Variability of the results could be attributed to long-standing periapical disease in cases with periapical radiolucency which have retarded neural regeneration. Negative results to pulp sensibility test could be due to coronally present MTA layer which act as insulator, or the need of >12 months for complete formation of blood vessels and nerve fibers within the root canal.³⁶ As demonstrated by histological studies, increase thickness of the root canal walls is largely caused by deposition of cementum-like tissue with non-tubular pattern seen in dentin.^37,38

For teeth discoloration, the percentage of teeth displayed discoloration for BC group is greater and statistically not significant than in PRF group for all time points. The results were in line with Nagata et al.³⁹ and McTigue et al.⁴⁰ Scaffold may play a role in discoloration by interacting with MTA during its setting.
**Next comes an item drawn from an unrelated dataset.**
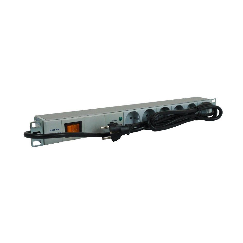 Блок электрических розеток для установки в 19" шкаф с сетевым фильтром-ограничителем перенапряжений и фильтром радиопомех, выключателем; высота 1U; 6 розеток (Shuko), кабель 3х1,5 мм², длина кабеля 1.8 м; U-вх.250 В, I-макс.16 А, 440х44.5х52 мм. Алюминиевый корпус.

Blood by itself could lead to discoloration by the accretion of hemoglobin in dentin. Staining of MTA is visible when material sets in interaction with red blood cells (RBCs).⁴¹ It could be hypothesized that iron ions and development of calcium alumino ferrate play a role in discoloration. Furthermore, porosities that might present in MTA which can absorb blood components.⁴² All calcium silicate cements possess high susceptibility to discoloration in contact with blood. The probable method to prevention discoloration is the use scaffold without RBCs, such as PRF.⁴²

One PRF treated teeth showed signs of canal calcification/obliteration. While three teeth from the BC scaffold showed obliteration of some of the canal spaces. Undesirable outcomes in revascularization/revitalization is partial or complete obliteration of the pulp canal, with the precise mechanism for the calcification is unknown.⁴³ Osteoinductive capacity of MTA could be the cause.⁴⁴ Canal calcification might be a factor in crown discoloration. In addition, it might create difficulties for future root canal treatment if required.
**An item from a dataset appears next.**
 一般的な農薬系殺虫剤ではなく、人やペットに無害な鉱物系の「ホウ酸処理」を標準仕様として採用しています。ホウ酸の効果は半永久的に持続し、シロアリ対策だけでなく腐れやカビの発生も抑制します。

The study showed increase bone density by time in both groups. However, the mean of the increase of bone density in the PRF group is greater than that of BC group for all time points. This difference is statistically significant. This finding is in consistent with Prabhakar et al.³¹ and Sharma and Mittal.³² These results could be explained by constant release of signaling molecules, improving the enrolment, retention, and proliferation of undifferentiated mesenchymal and endothelial cells from the periapical area. It encourages collagen production. It also outputs anti-inflammatory agents (ANTES/CCL5) (regulated upon activation, normal T-cell expressed, and secreted, a protein classified as a chemotactic cytokine or chemokine) that controls the local inflammatory response and improves soft- and hard-tissue wound healing.⁴⁵

The decrease in apical diameter in the PRF is greater than that of BC group for all time points. This difference is statistically significant. This is in agreement with Prabhakar et al.³¹ and Sharma and Mittal.³² Platelet-rich fibrin functional theory is stimulating stem cell proliferation and higher expression of osteoprotegerin proteins and alkaline phosphatase. These proteins are usually identified as odontoblast differentiation markers.⁴⁶

Conclusion

For necrotic permanent teeth, with open apex RET using PRF is a desirable substitute to BC and shows excellent 12-month prognosis. Though PRF gives better results compared to BC, it requires blood withdrawal from the child which might be difficult in needle phobic children.

Recommendations

• Regenerative endodontic techniques should be the prime treatment in children with necrotic permanent teeth with open apex as it displays excellent results.

• While deciding to perform regenerative endodontic procedure, PRF should be the target treatment as scaffolding material when compared with BC.

Limitations

• Pulp blood supply should have been assessed which was performed by laser Doppler flowmetry and pulse oximeter.

• Histological assessment of intracanal formed tissue could not be assessed due to ethical reasons.